§ Assignment
Whatever pictures appear, omit them, and repeat the data below exactly.

§ Data block
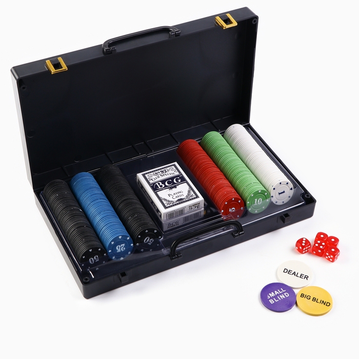 Покер "Время игры", набор для игры (300 фишек, 2 колоды карт, 5 кубиков)
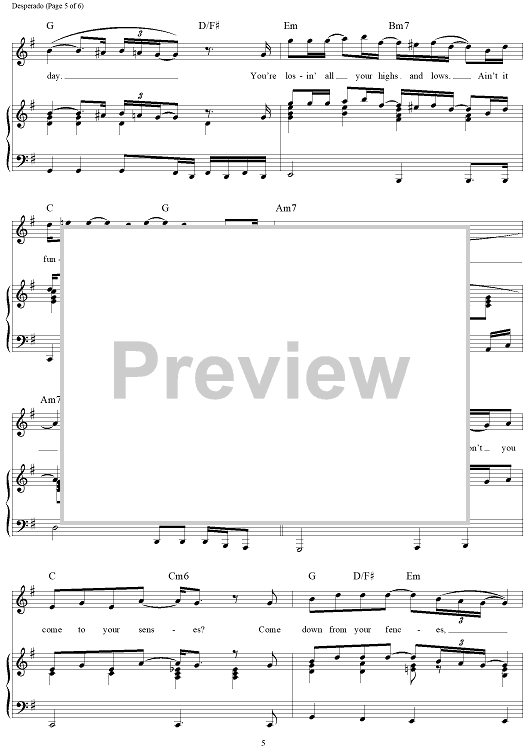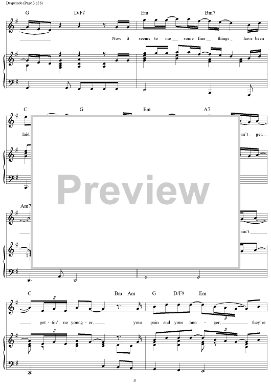 Digital Sheet Music for Desperado by Don Henley, Glenn Frey, Eagles scored for Piano/Vocal/Chords; id:119788
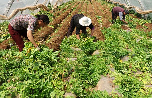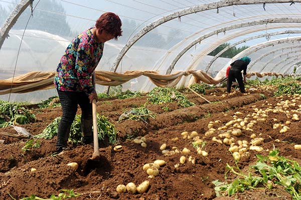 4月23日,山东省枣庄市峄城区古邵镇双楼村农民在采收三膜覆盖早春土豆。

§ Expected answer
 Покер "Время игры", набор для игры (300 фишек, 2 колоды карт, 5 кубиков)
 Digital Sheet Music for Desperado by Don Henley, Glenn Frey, Eagles scored for Piano/Vocal/Chords; id:119788
 4月23日,山东省枣庄市峄城区古邵镇双楼村农民在采收三膜覆盖早春土豆。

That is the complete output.